Prostate cancer screening isn’t a guideline-directed screening test yet, but this could change with the use of MRI and other tools. A series of papers published in several JAMA journals late last week indicates the progress that’s being made.
As we’ve discussed in previous issues, prostate screening with PSA tests hasn’t met the threshold for clinical benefit achieved by other population-based screening exams.
- PSA-based screening has been characterized by lower mortality benefits and relatively high rates of overdiagnosis and complications from follow-up procedures.
But some researchers believe that PSA screening could be made more effective by using additional diagnostic tools like imaging and blood tests to focus on potentially high-risk disease for biopsy while active surveillance is used for less threatening prostate lesions.

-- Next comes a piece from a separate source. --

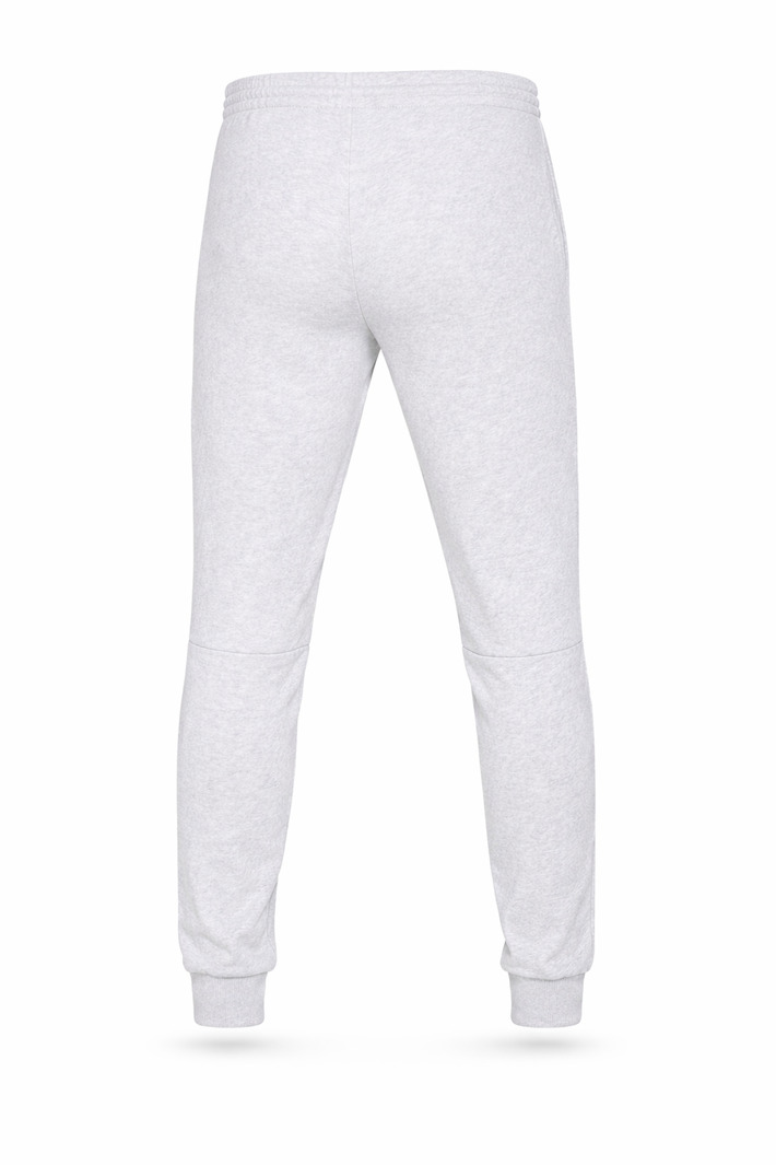 Męskie spodnie dresowe Lacoste XH9624 w uniwersalnym szarym kolorze to idealne połączenie sportowego stylu i codziennej wygody. Model Slim Fit wykonany z miękkiej bawełnianej dzianiny z dodatkiem poliestru zapewnia komfort oraz trwałość podczas codziennego użytkowania. Miękkie, pluszowe wnętrze gwarantuje przyjemne ciepło, a elastyczny pas z regulacją na sznurek pozwala na idealne dopasowanie do sylwetki. Dwie boczne kieszenie zwiększają funkcjonalność, natomiast ściągacze przy nogawkach i charakterystyczne logo Lacoste pod lewą kieszenią nadają spodniom sportowy i markowy charakter.

In the ProScreen trial in Finland, researchers tested the combination of PSA, a kallikrein four-panel blood test, and MRI in selecting patients for biopsy.

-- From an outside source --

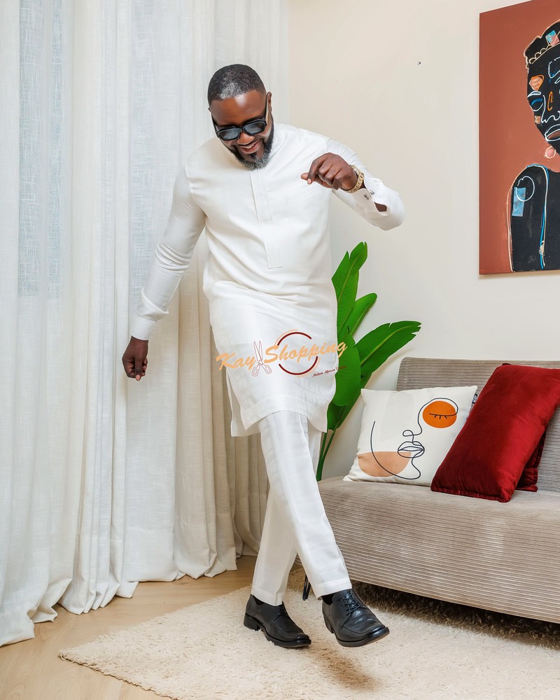 AFRICAN SUIT BLACK COLOR AFRICAN BLUE SUIT delivered with classic pants or with a drawstring for ease. Made with wool, a very comfortable fabric and suitable for all types of climates. For custom orders, please provide the following measurement details: Shoulder, Neck, Chest, Sleeve, Sleeve Circumference, Top Length, Pant Length, Waistband, Hip Circumference and Thigh Circumference. All sizes are available to order. FABRICS: Super 100's - 180's wool OCCASIONS: Wedding, Baptism, Workwear, Ceremonies, etc… TYPES: traditional-modern African costume with embroidery DELIVERY TIMES: Delivery anywhere in the world via DHL Express within 3-4 days after making. Delivery to Senegal the same day after preparation. Manufacturing time: 10 days PRODUCT CONDITION New African jacket. Made to measure and customizable on demand (Color, Fabrics, Embroidery, etc.) CLEANING AND MAINTENANCE Dry wash only Cufflinks sold separately

- Patients were sent to MRI if they had PSA scores of 3.0 ng/mL or higher and kallikrein scores of 7.5% or higher; those with abnormal MRI scans got targeted biopsy.
The researchers tested the ProScreen protocol in a study of 61.2k men, with 15.3k invited to screening and 7.7k getting screened. Over a preliminary three-year follow-up period, researchers found …
- 9.7% of men met the PSA threshold for a suspicious lesion; this fell to 6.8% after the kallikrein test and 2.7% after MRI, illustrating the protocol’s ability to reduce biopsies
- Biopsy yield for high-grade cancer was 1.7%, which an editorial called a “remarkably high yield”
- Overdetection of low-grade disease was 0.4%, compared to 3.2% in a comparable previous study
In a second study, this one in JAMA Oncology, researchers performed a meta-analysis of 80.1k men from 12 studies in which MRI was used to direct patients to prostate biopsy after PSA testing, finding that MRI-directed protocols had …
- Higher odds of detecting clinically significant prostate cancer (OR=4.15) compared to PSA screening alone
- Lower odds ratio for biopsy (OR=0.28)
- Lower odds ratio for detecting clinically insignificant cancer (OR=0.34)
Finally, a secondary analysis in JAMA of a large UK trial illustrates the challenges of prostate screening without MRI guidance. Researchers reviewed 15-year outcomes of the Cluster Randomized Trial of PSA Testing for Prostate Cancer (CAP), a study of 415k men,196k of whom were screened from 2002 to 2009 without the use of MRI, finding …
- PSA screening increased detection of low-grade cancer (2.2% vs. 1.6%) but not intermediate or high-grade disease
- Screening reduced prostate cancer mortality by a small amount (0.69% vs. 0.78%)
The Takeaway
Taken together, new studies offer a roadmap toward making MRI an integral part of prostate screening, such that perhaps in years to come it can join other cancer tests as a population-based screening tool.